Importance of Hydration

Even though summer is coming to a close, it is still important to maintain hydration! It may seem like you’re sweating less because of the cooler temperatures, but exercise still affects the body’s fluid levels. Be aware that even small loss in body weight due to fluid loss (via exercise) may affect your exercise performance and endurance capacity, and larger losses in % body mass can even be dangerous. Also keep in mind that the symptom of thirst is delayed. The body sends a stimulus to the brain relaying the message that there is a fluid/electrolyte imbalance which induces thirst. By the time that there is a fluid/electrolyte imbalance, the body is already in dehydrated state. If exercise is added into the mix, there could be problems.
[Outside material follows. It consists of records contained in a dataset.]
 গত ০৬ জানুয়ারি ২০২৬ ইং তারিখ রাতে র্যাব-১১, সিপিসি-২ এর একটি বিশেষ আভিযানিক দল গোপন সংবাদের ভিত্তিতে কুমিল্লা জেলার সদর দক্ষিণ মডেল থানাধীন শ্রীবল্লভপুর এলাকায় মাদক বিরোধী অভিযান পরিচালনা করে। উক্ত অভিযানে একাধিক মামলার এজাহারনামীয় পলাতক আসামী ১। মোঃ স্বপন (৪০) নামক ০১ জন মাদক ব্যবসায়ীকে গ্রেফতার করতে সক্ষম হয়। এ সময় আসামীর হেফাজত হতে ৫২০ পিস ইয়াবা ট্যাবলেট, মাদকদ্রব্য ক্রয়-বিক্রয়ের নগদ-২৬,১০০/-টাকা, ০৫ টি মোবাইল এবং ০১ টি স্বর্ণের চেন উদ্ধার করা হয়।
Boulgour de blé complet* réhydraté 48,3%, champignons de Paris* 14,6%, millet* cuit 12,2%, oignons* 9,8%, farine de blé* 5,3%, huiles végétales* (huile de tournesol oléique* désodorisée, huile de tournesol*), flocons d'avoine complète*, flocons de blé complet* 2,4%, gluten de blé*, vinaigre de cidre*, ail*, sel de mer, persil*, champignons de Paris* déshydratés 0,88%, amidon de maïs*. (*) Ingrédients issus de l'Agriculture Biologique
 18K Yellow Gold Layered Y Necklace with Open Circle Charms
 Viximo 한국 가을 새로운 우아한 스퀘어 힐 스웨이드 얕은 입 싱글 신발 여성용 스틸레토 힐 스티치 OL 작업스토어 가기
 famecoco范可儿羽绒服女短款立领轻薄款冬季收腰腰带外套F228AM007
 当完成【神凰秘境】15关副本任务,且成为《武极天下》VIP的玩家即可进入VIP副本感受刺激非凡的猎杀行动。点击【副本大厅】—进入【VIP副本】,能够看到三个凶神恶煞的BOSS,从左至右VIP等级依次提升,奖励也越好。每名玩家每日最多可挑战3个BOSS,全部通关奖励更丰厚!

Severe dehydration causes shifts in plasma and thus blood volume, and can affect the efficiency of the heart. Dehydration can also lead to a decreased sweat rate which contributes to dangerous increase in core temperature, less blood flow to the skin (decreasing heat release), changes in the rate of perceived exertion (exercise seems more difficult), and in extreme cases – heat illnesses and loss of organ function (1). This is all easily prevented by staying hydrated! Make sure to replace the fluid that is lost through exercise, even in the winter months, so you don’t start your next exercise bout in a dehydrated state. Keep in mind that environmental conditions also play a role in hydration! ACSM’s guidelines indicate that active individuals should consume at least 1 pint  of fluid for each pound of body weight lost through exercise (2).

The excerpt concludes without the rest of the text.